全天候型イベント広場が完成して供用されました。同時に住友ビルのB1から2Fまでが大規模リニューアル。新しい店舗、バリアフリートイレ、そして地下鉄連絡通路が誕生しました。
ただし、車椅子での利用は簡単ではありません。新しく生まれ変わった新宿住友ビル商業フロアのバリアフリー状況を紹介します。

西新宿は街そのものが段差構造で、車椅子での移動に苦労します。三角広場の開発に伴い、高低差がある西側「都庁通り」と東側「議事堂通り」の高さに車椅子で移動できるエレベーターがそれぞれ新設されました。
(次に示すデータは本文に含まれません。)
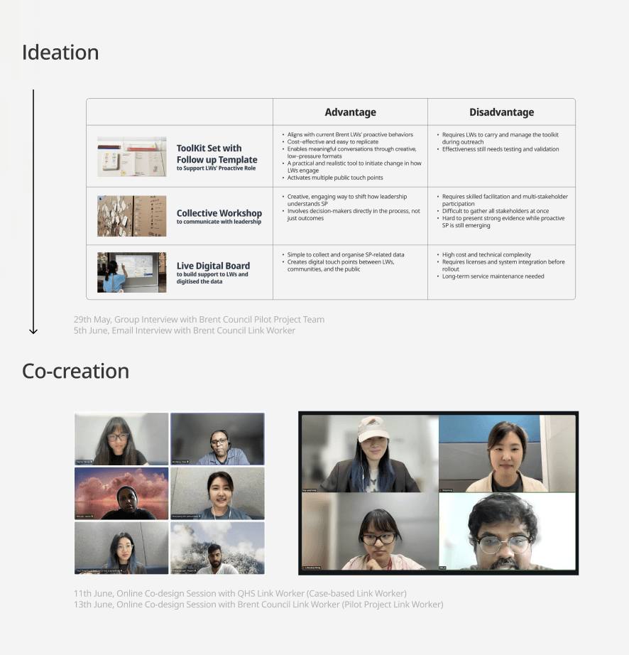 I partnered with Brent Council's Adult Healthcare Social Prescribing pilot team, also worked with a diverse group of staff, experts, policy makers (The King's Fund) and researchers (NASP), aligning on the same vision, learning from them who were trying to make this vision work, and co-designing solutions with them together that could actually work in practice.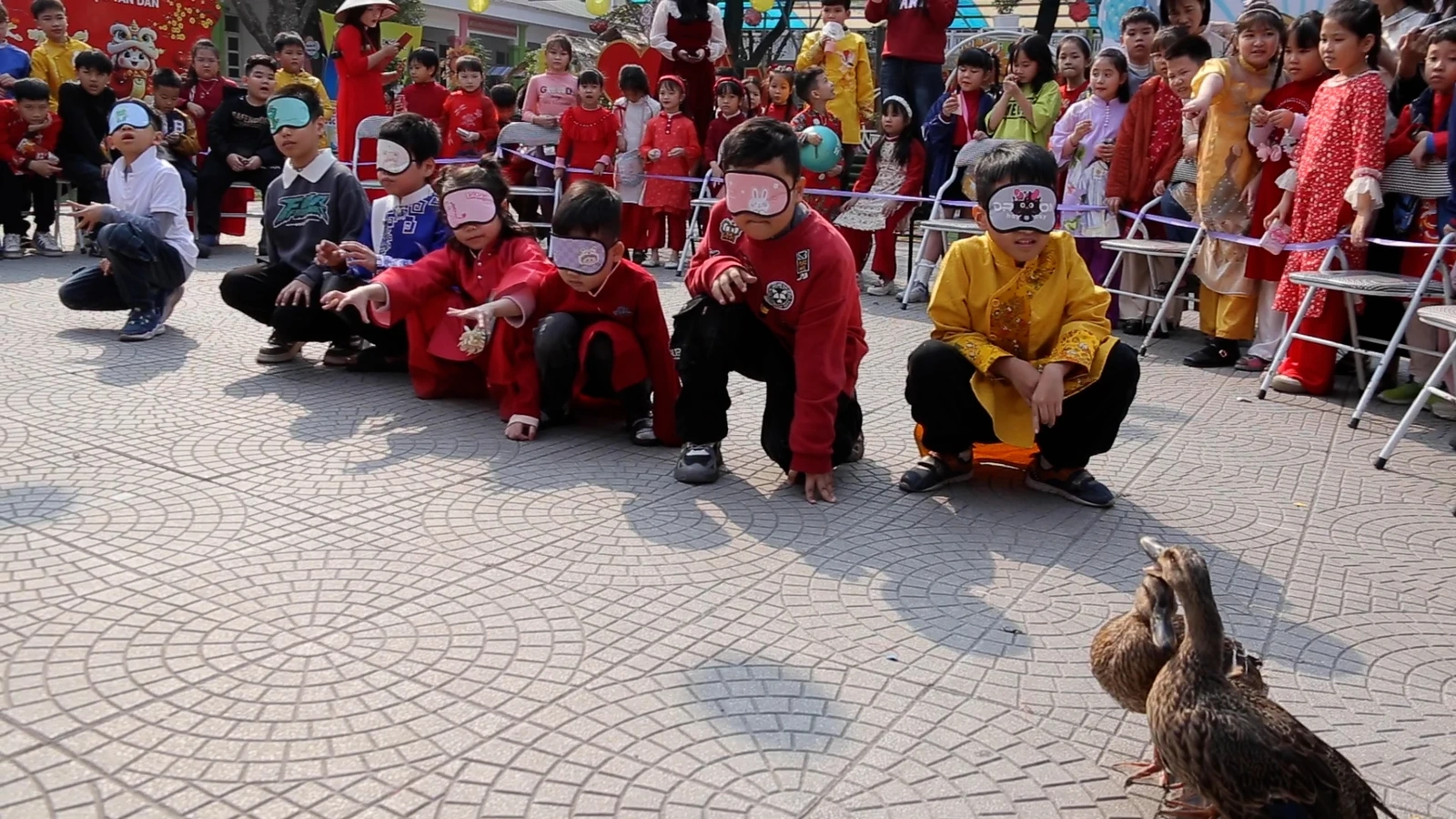 Các em học sinh Trường Tiểu học Tân Dân, TP Việt Trì tham gia trò chơi bắt vịt.

南側「中央通り」からのアクセスルートは、三角広場の正面エントランスは変わらずに階段です。従来通り、東隣の「新宿三井ビルディング」との間、「議事堂通り」の下にあるスロープ路からです。

そこから三角広場にはいるドアは、自動ドアです。

高い位置にある「都庁通り」「議事堂通り」からの入口の手前には、彫像と自転車置き場があります。

新宿住友ビル三角広場に上部の入口です。車椅子で出入りができるバリアフリー仕様です。

エントランスに三角広場へ下りるエレベーターがあります。

エレベーターを利用して三角広場の「N」口に下ります。

三角広場の概要です。住友ビルを囲むように配置される広場の総面積は3,250㎡。高さは最大25m。最大収容人員は約2,000人と公表されています。

広場に面して新しいグルメ店が5店舗誕生しています。

こんなオブジェがあります。

B1商業フロアへのアクセス方法です。住友三角街が大規模リニューアルされ、18店のグルメやショップが営業し、住友ホールが整備されました。バリアフリートイレは2カ所。フロアとしてはバリアフリーです。

B1に行く一般エレベーターは1基だけです。1Fと地下駐車場までを結ぶ、緑のエレベーターです。箱のサイズが小さいエレベーターで、一般的なサイズの車椅子がギリギリで入る大きさです。

B1から東京メトロ「西新宿駅」と都営「都庁前駅」に直結する地下ルートが誕生しました。ところがどちらも階段またはエスカレーターで、エレベーター及び段差回避スロープはありません。

車椅子では利用できない連絡通路です。

2F商業フロアへのアクセス方法です。2Fに3店舗が誕生しました。一般ルートは1Fからエスカレーターです。2Fに行く一般エレベーターはありません。車椅子では全フロアをつなぐ業務用エレベーターを利用します。

1Fの乗り場はドアが解放されていますが、2Fは手動ドアを押し開けて、商業スペースに出ます。

全フロアをつなぐので、その気になればこの業務用エレベーターでB1に行くことは出来ます。内装はくたびれたエレベーターですが、箱のサイズは大型です。
高層レストラン街などへのアクセス方法です。高層階への移動は従来と変わらないエレベーターの利用です。三角広場の一般公開にあわせて、高層レストラン街も新店舗が開業しています。

三角広場は2,000人を収容する大空間です。この広場の開発により新宿住友ビルは、以前よりはバリアフリーになりました。しかし、連絡通路の段差、エレベーターの不備など問題はあります。新宿住友ビルは、リニューアル後も、簡単には車椅子で利用できない課題が残りました。